I have an suspiciously long list of questions I want to poke at, with the help of my co-consprirators, Peter Rojas and Adam Rugel. [Intros]
* I hate the term ‘user-generated content’ - it’s a lie. But there is no doubt that much of the heft ot today’s web is the result of widescale participation. This is true for your companies, guys. What are the primary motivations of these contributors? Are they out for money, or is it about extra-monetary intangibles? Are you guys being carried on the backs of a feudal underclass of blog serfs, exploiting their higher impulses?
* Are the best candidates for today’s media start-ups going to look like yours? If not, what other models look interesting? Do you have to adopt the shady mafia shakedown sales approach of Yelp to float this stuff?
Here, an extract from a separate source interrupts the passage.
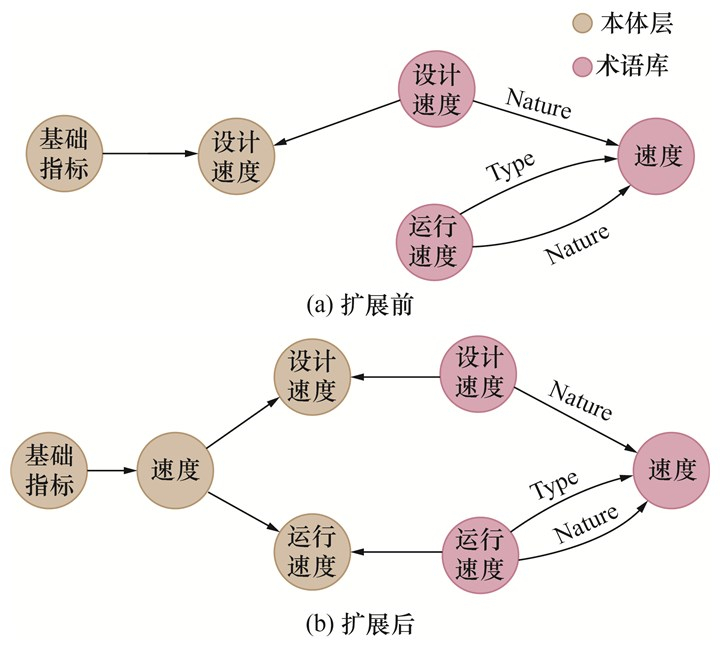 图 7展示了利用此方法实现本体层扩展的实例。如图 7a所示,术语“设计速度”匹配至本体层“基础指标”下的“设计速度”子类,又与术语“运行速度”提取到相同的“Nature”,即“速度”,继而2个术语自动归为“速度”子类。将溯源结果更新至本体层,形成了如图 7b所示的新连接。

* Does bottom-up media represent a new artisanal journalism? Can everyone become a story teller, spilling out the thread of their interactions with gear, restaurants, travel, food, and entertainment? Is this ‘living life out loud’ cheap exhibitionism? Are we heading to a world where people’s dreams are manufactured? Or is this a liberation from the glitz and spin of 20th century advertising?
* Bottom-up means social. People are interacting with other people — through solutions like Trazzler and gdgt — to triangulate on things that cost money, like travel and gear. Will transactions be embbed in this social matrix? Are you guys doing transactions, now, or plan to? Does this make you shills, or is this a better way to decide what to buy?
* What are the more established media going to do? What will Sports Illustrated or the New York Times look like in 5 years? Will this be like the explosion of TV into 500 channels with cable? Are we headed for millions of niche participatory media sites?
* What should we be worried about as individuals, and as a society, with this going on? What will we lose when we can each have a unique experience of media? Will this drive us apart or bring us together?